6. A method for the silylation of aryl cyclic ammonium salts is characterized in that:

taking a lithium silicate reagent as a nucleophilic reagent, and reacting in a solvent in the presence of a catalyst and ligand combination at 80 ℃ under anhydrous and anaerobic conditions to obtain a fatty amine compound containing silicon radicals;

the structural general formula of the aryl cyclic ammonium salt is shown as follows:

in the general formula, R ₁ Selected from H, methoxy, methyl, fluoroChlorine; r is R ₂ Selected from H or methyl;

the catalyst is selected from Ni (cod) ₂ 、Ni(acac) ₂ 、NiCl ₂ (PPh ₃ ) ₂ The ligand is PPh ₂ Cy。

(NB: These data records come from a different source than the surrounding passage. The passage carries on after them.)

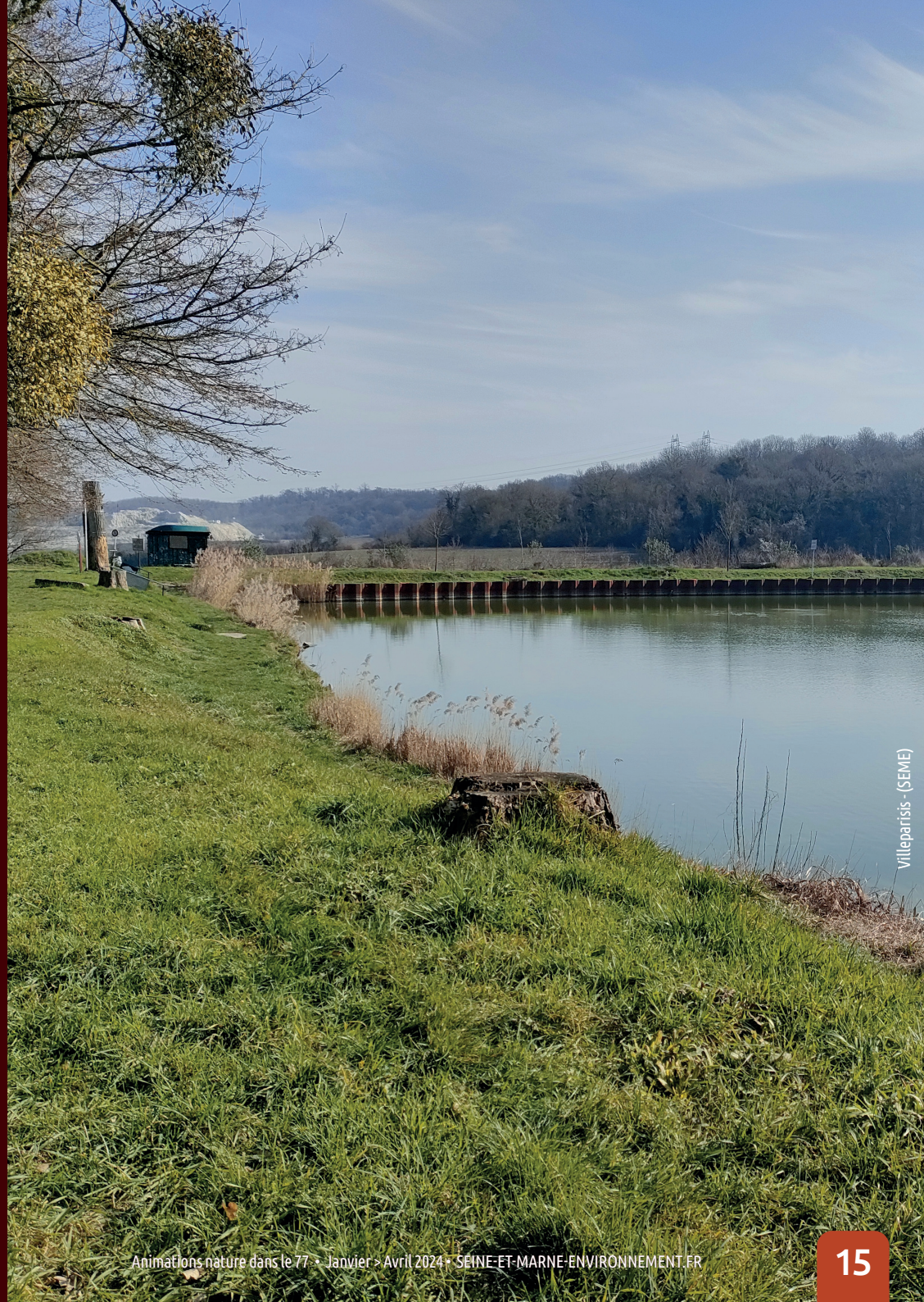
Villeparisis - (SEME)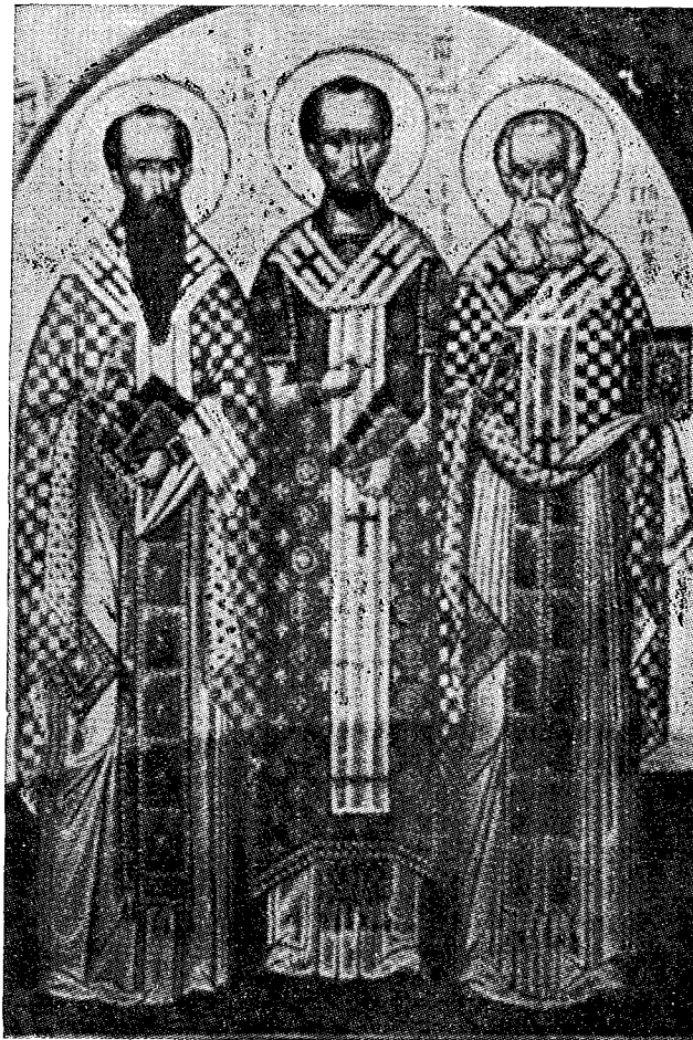
Οἱ Τρεῖς Ἱεράρχαι.

Θὰ ηὐχόμεθα δὲ ἀπὸ ψυχῆς νὰ ἐγίνετο ἐπιλογή τῶν λαμπρῶν αὐτῶν ὀμιλιῶν. Καὶ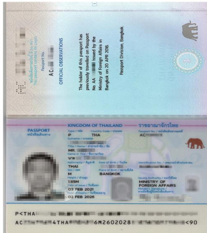
สแกนหน้าพาส ต้องสแกนให้ตรง ต้องเป็นสีเท่านั้น!!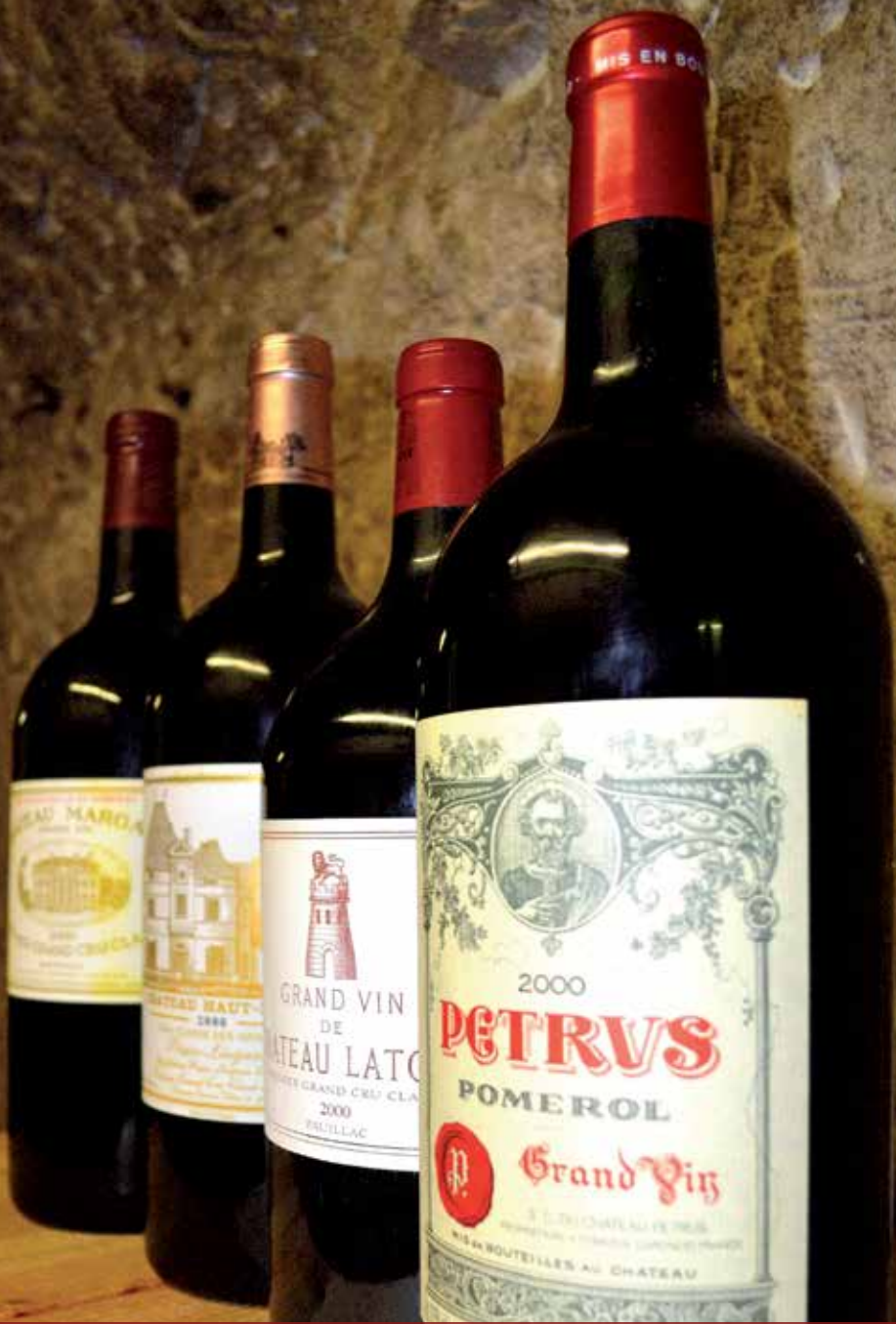
Lot 402 : CAISSE CARRE D'AS DUCLOT 2000 (Doubles Magnums) : 1 PETRVS ; 1 CHÂTEAU LATOUR ; 1 CHÂTEAU HAUT BRION ; 1 CHÂTEAU MARGAUX. Estimation: 15 000 / 17 000 €

7. The method of silylation of claim 6 wherein:

the catalyst is NiCl ₂ (dppe)。

8. The method of silylation of claim 6 wherein:

the solvent is selected from THF, toluene and dioxane.

9. The method of silylation of claim 6 wherein:

the lithium silicon reagent is selected from phenyl dimethyl lithium silicon reagent and diphenyl methyl lithium silicon reagent.

10. The method of silylation of claim 6 wherein:

the molar ratio of the aryl cyclic ammonium salt to the lithium silicate reagent to the catalyst to the ligand is 1.0:2.0-2.5:0.1:0.2.